In a presentation scheduled today at the Independent Lubricant Manufacturers Association annual meeting in Las Vegas, Dr. Manfred Fuchs planned to recount a rocky period of dramatic consolidation, sharp shifts in regional consumption, increased competition and pressure on profitability.

He also predicted that these trends will continue and suggested strategies for independents to succeed during these times.

In an advance copy of his presentation provided to Lube Report, Fuchs contends that the lubricants industry changed more from 1991-2001 than in the previous 30-40 years. First of all, the open market has become larger as nations constituting a full third of global demand opened their industries to competition.

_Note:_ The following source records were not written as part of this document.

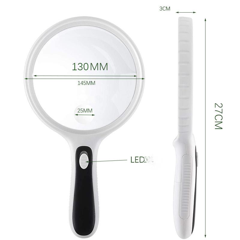 Loupe 145 mm Grand Diamètre Lecture Personnes Âgées 4 LED Loupe Manuelle 10X
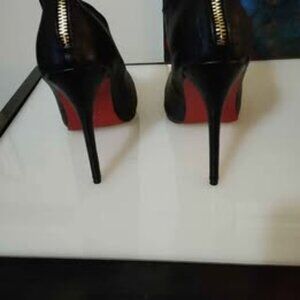 Black Faux Leather Pumps with Red bottom size 41 or US 10 5' heel with zipper backs UNBRANDED
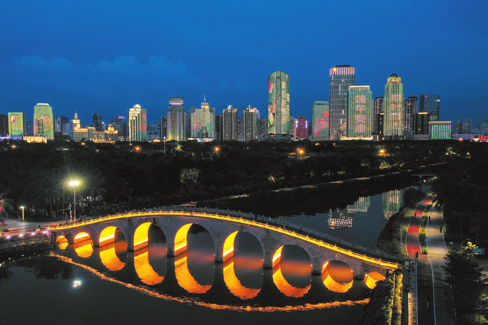 6月23日晚,海口市滨海大道楼宇灯光璀璨、景色迷人,鳞次栉比的沿路楼体展出了端午祝福相关的灯光秀,营造出热闹祥和的氛围。本报记者 石中华 摄
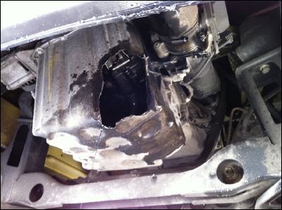Lage beim Eintreffen: Kiesplatz durch aufgerissene Oelwanne verschmutzt.
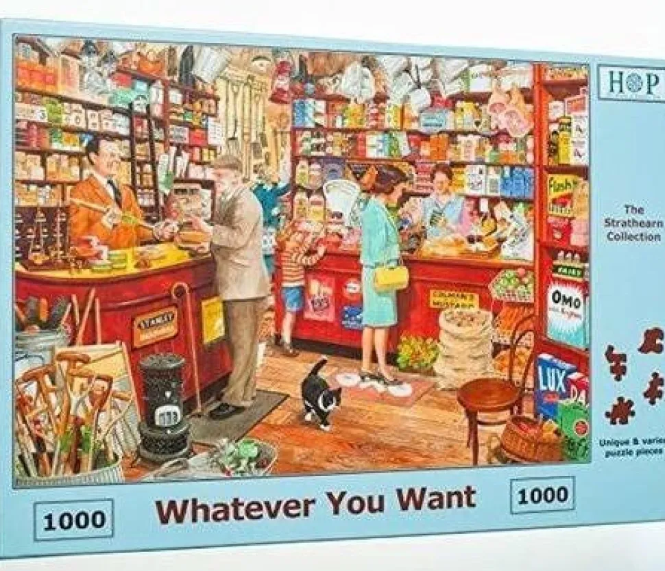 De legpuzzels van het Engelse puzzelmerk The House of Puzzels, veelal afgekort tot HOP, onderscheiden zich op twee belangrijke punten van alle andere puzzelmerken. Zoals ook deze Whatever You Want van 1000 stukjes. Het eerste kenmerk is de bijzonder gevormde legpuzzelstukjes. Als je eenmaal een fan bent van deze stukjes dan wil je niet meer anders. Het is echt heel leuk puzzelen. Het tweede kenmerk is dat alle afbeeldingen van de puzzels vallen in het segment Nostalgie. De afbeeldingen brengen je terug in de tijd. Een warme tijd, een tijd van er voor elkaar zijn. Een tijd van familie en traditie. De verhalen van vroeger komen tot leven tijdens het puzzelen. Er zijn twee zeer uitgebreide puzzellijnen met extra grote grote stukken. De 500 XL en de 250 XL. Vooral de 250 XL puzzels zijn uitermate geschikt voor de wat ouderen onder ons. Met deze puzzels wordt ook veel in Verpleeghuizen gepuzzeld. Elk jaar brengt HOP voor kerstmis een unieke kerstpuzzel uit. Dit is de Christmas Collectors Editie. In deze puzzels (uitvoering 500 en 1000 stukjes) zitten uniek gevormde kerststukjes. Veel leuker kan een kerstpuzzel maken echt niet worden
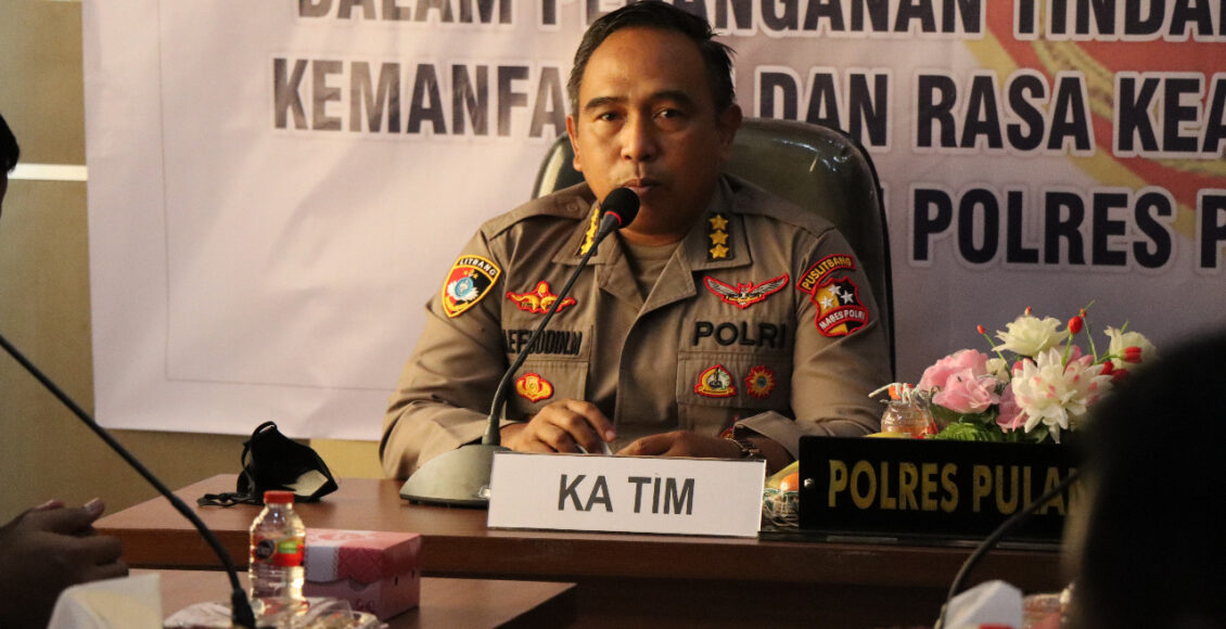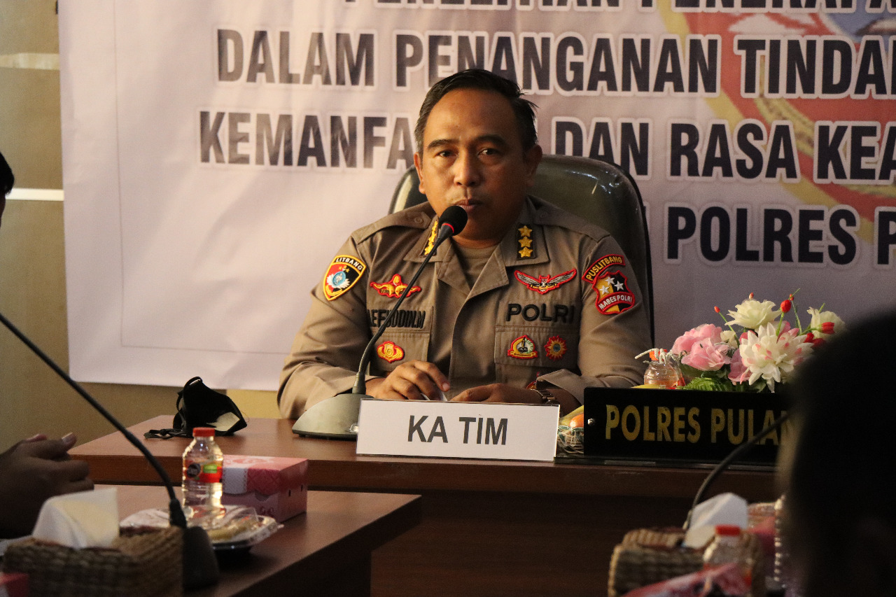 Kapolres Pulang Pisau AKBP Kurniawan Hartono, S.I.K., dalam sambutannya mengucapkan selamat datang dan ucapan terima kasih kepada Tim Puslitbang Polri atas kunjungan di Polres Pulang Pisau, Polda Kalteng, dalam rangka penelitian tentang penerapan Restorative justice (keadilan restoratif).
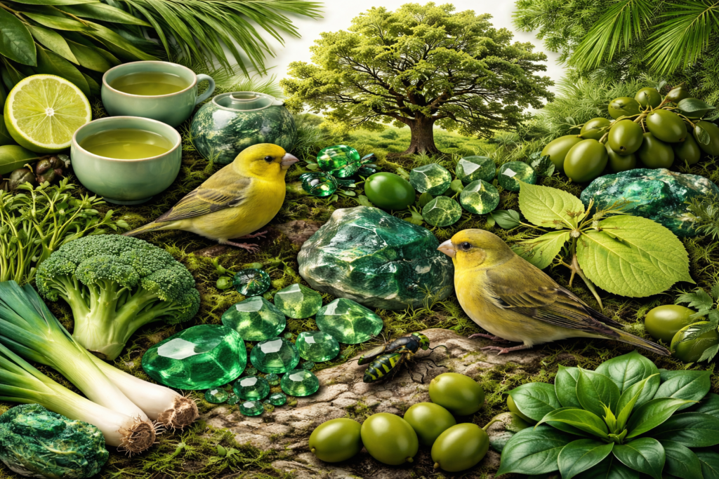 Après le rouge et le jaune des semaines passées, explorons les mots dont la définition contient le mot vert. On retrouve principalement des éléments du monde naturel, comme de nombreuses plantes et quelques animaux, mais aussi des substances, des pigments, des objets ou encore des termes scientifiques.
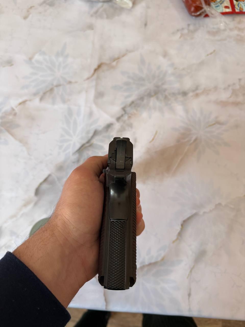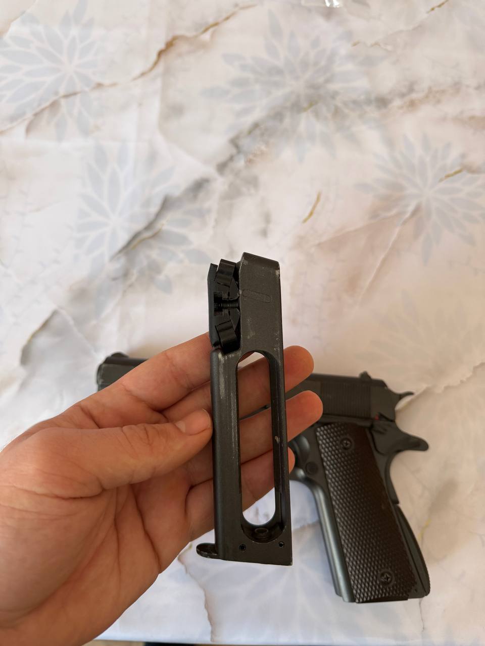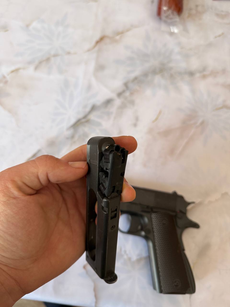Пневматичний пістолет SAS M1911 Pellet 4.5 Модель SAS M1911 Pellet точно так само як і модель SAS M1911 копіює бойовий аналог Colt M1911, але в якості боєприпасів в SAS M1911 Pellet використовуються пневматичні кулі 4,5 мм, в пістолеті встановлений нарізний ствол і роторний магазин з двома барабанами загальною ємністю 12 зарядів. Завдяки зміненій конструкції магазину, одного 12-ти грамового CO2 балона буде достатньо для здійснення 70-80 пострілів без істотної втрати потужності. Пістолет у відмінному стані! Працює добре! У комплекті: - пістолет - кулі Ціна - 3499гр Надішлю поштою.
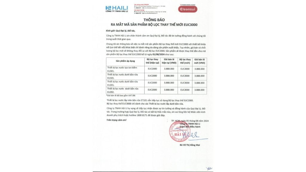 Bộ lọc EUC3000 được phân phối chính hãng tại Việt Nam kể từ tháng 8/ 2024. Chúng tôi cũng đã thông báo tới Quý đại lý/ đối tác và khách hàng.
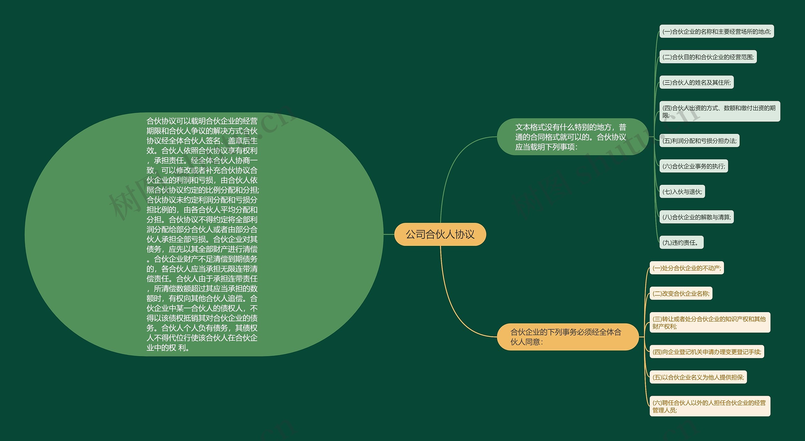 合伙协议可以载明合伙企业的经营期限和合伙人争议的解决方式合伙协议经全体合伙人签名、盖章后生效。合伙人依照合伙协议享有权利,承担责任。经全体合伙人协商一致,可以修改或者补充合伙协议合伙企业的利润和亏损,由合伙人依照合伙协议约定的比例分配和分担;合伙协议未约定利润分配和亏损分担比例的,由各合伙人平均分配和分担。合伙协议不得约定将全部利润分配给部分合伙人或者由部分合伙人承担全部亏损。合伙企业对其债务,应先以其全部财产进行清偿。合伙企业财产不足清偿到期债务的,各合伙人应当承担无限连带清偿责任。合伙人由于承担连带责任,所清偿数额超过其应当承担的数额时,有权向其他合伙人追偿。合伙企业中某一合伙人的债权人,不得以该债权抵销其对合伙企业的债务。合伙人个人负有债务,其债权人不得代位行使该合伙人在合伙企业中的权 利。

The industry underwent dramatic concentration that reduced the number of lube companies from more than 1,700 in the early 1990s to fewer than 1,400 today, Fuchs estimated. Mega-mergers created companies with ever-greater economies of scale so that the largest 1 percent of producers now account for 60 percent of worldwide production.

There were sharp shifts in the relative consumption of different regions, Fuchs said. Lubricant demand in Asia grew 28.2 percent during the decade. With 27.4 percent of global consumption, Asia surpassed North America as the largest regional market. Central and Eastern Europe, on the other hand, saw their consumption drop 52.4 percent in the wake of the collapse of the Soviet Union.

Finally, technical and environmental requirements for lubricants became more demanding.

Collectively, Fuchs said, these trends have made times tough for lube companies. For all the shifts in regional consumption, global demand has remained flat. In 1991, the world produced an estimated 37.7 million metric tons of lubes. This year, Fuchs projects, it will produce 37.4 million tons.

At the same time, globalization has increased market transparency, making the industry more competitive and squeezing profitability. As petroleum prices soared last year, Fuchs estimated, lubricant producers purchasing bills rose an average of $100 per ton, or 23 percent. Yet producers were only able to pass on 60 percent of those increases to their customers. The result, he said, was a 17 percent cut in profits, or reduction in margins of 8 percentage points.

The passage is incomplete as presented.